We need to talk about Fred Savage. Rob Lowe has (justifiably) been getting much of the attention for his work on The Grinder, but let’s not underestimate Lowe’s co-star. Although he has a number of memorable film credits to his name, both as a child and as an adult (The Princess Bride and Little Monsters in the former, The Rules of Attraction in the latter), his home has always been on television. He first broke out on The Wonder Years, where he lived out his own adolescence weekly for six seasons. Savage was also the lead on the criminally underrated sitcom Working, which aired on NBC at the end of the ’90s and fell into the network’s post-Seinfeld  comedy malaise (from which it arguably never recovered).

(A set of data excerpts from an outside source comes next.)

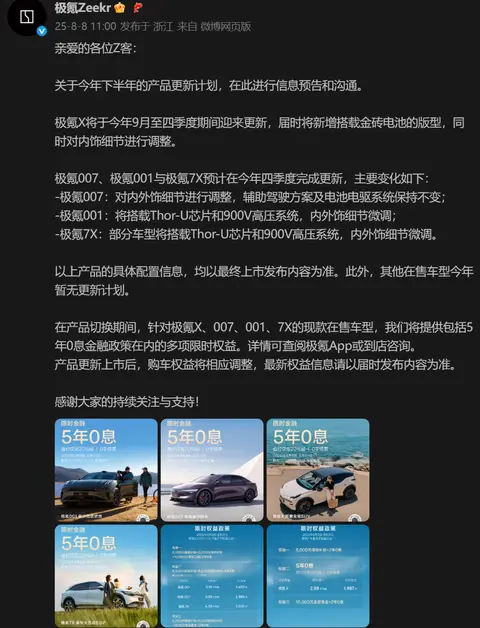 为平稳过渡产品切换期,极氪对现款车型推出限时权益:8 月 8 日 - 31 日购买四款车型,可享 5000 元保险补贴、5000 元限时补贴、5 年 0 息金融方案及 1.6 万元选装礼包。关于改款车型定价,业内推测 001 将维持高端定位,7X 或通过高低配区分拉低起售价至 21 万元左右,X 金砖电池版顶配可能超 18 万元,007 价格则微调。
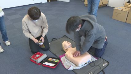 本格的な観光シーズンを迎える前に、お客様の安心安全を守る行動、救命に備えるための危機管理講習会がきょう、総合防災センターで開かれました。この講習会は、観光または宿泊・民泊に携わる市内の関係者たちが、お客様の安心安全と自分たちの命を守る行動を学ぼうと、遠野市観光協会が開きました。はじめに行われたのは急病者の蘇生処置訓練で、参加者15人は、遠野消防署の職員に一次救命処置をする上での注意点から手順について説明を受けました。このあと、実際に参加者が胸骨圧迫やAEDの使い方を体験しました。いざというとき、119番への連絡と救急車が到着するまでの冷静な対応が急病者の人生の予後を左右する鍵となることを知った参加者は、動きを確認しながら疑問点を消防職員に投げかけるなどして、これから訪れる観光シーズンに備えていました。
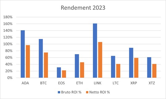 Net ROI is the net profit (after transaction costs Exchange and commission BitBrokerTrade). If you had started a BTC trader with €1,000 capital on January 1, 2023, you would have had €1,750 capital on December 31, 2023.
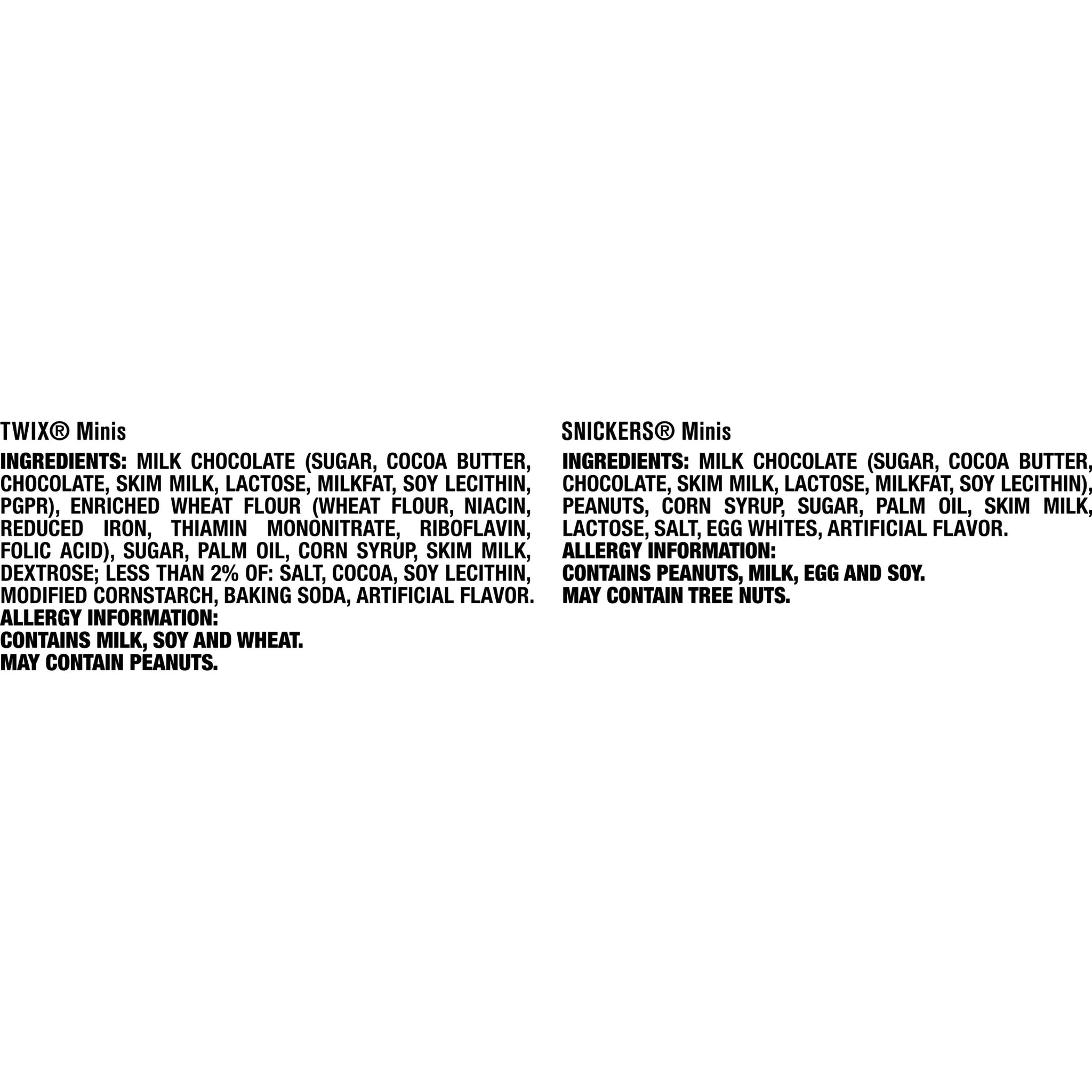 - Contains one (1) 23.19-ounce bulk party size variety candy bag of SNICKERS & TWIX Mini Milk Chocolate Bars
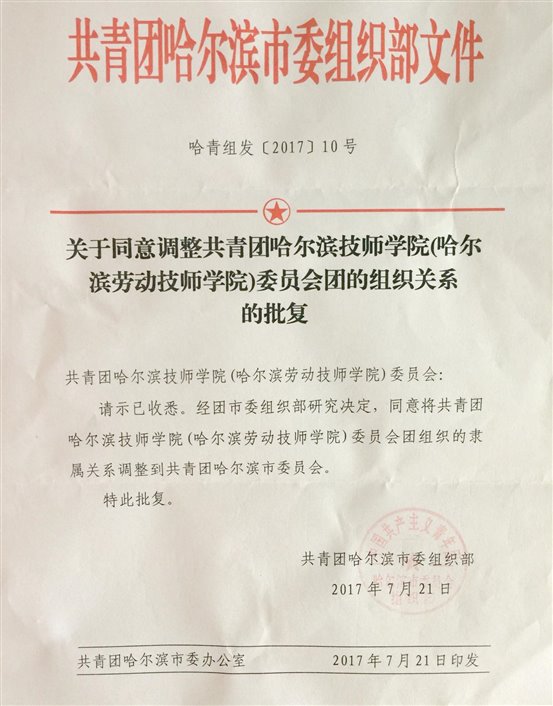 为拓宽学院青年组织活动载体,凝聚青年共识,助推青年学生发展。共青团哈尔滨技师学院(哈尔滨劳动技师学院)委员会于2017年5月26日提交纳入共青团哈尔滨市委员会申请并于同年7月21日收到共青团哈尔滨市委组织部“关于同意调整共青团哈尔滨技师学院(哈尔滨劳动技师学院)委员会团的组织关系批复”。
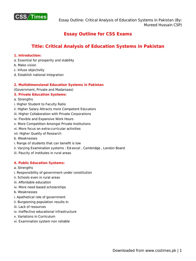 Essay on Our Examination System in Pakistan with . . .

Savage has also spent the last decade as an in-demand director of television comedy, lending his skills to hits like Modern Family and 2 Broke Girls, kids stuff like Wizards of Waverly Place, and cultishly adored stuff like Party Down and It’s Always Sunny in Philadelphia

But Savage is a natural television comedian, and the first few episodes of The Grinder — particularly this week’s entry — have borne this out. There has been a little bit of consternation in the comments that Savage’s character, Stewart, might be too one-note, and even the people who have enjoyed the show so far concede that it would be hard to maintain Stewart’s level of elevated exasperation over an extended period of time. I agree with that sentiment, which is why I was glad to see that Stewart, while still generally bamboozled by his famous brother, has a few more layers, speeds, and moods to him than simply the guy in the pilot who was worried that he would never be able to lower his tone of voice ever again.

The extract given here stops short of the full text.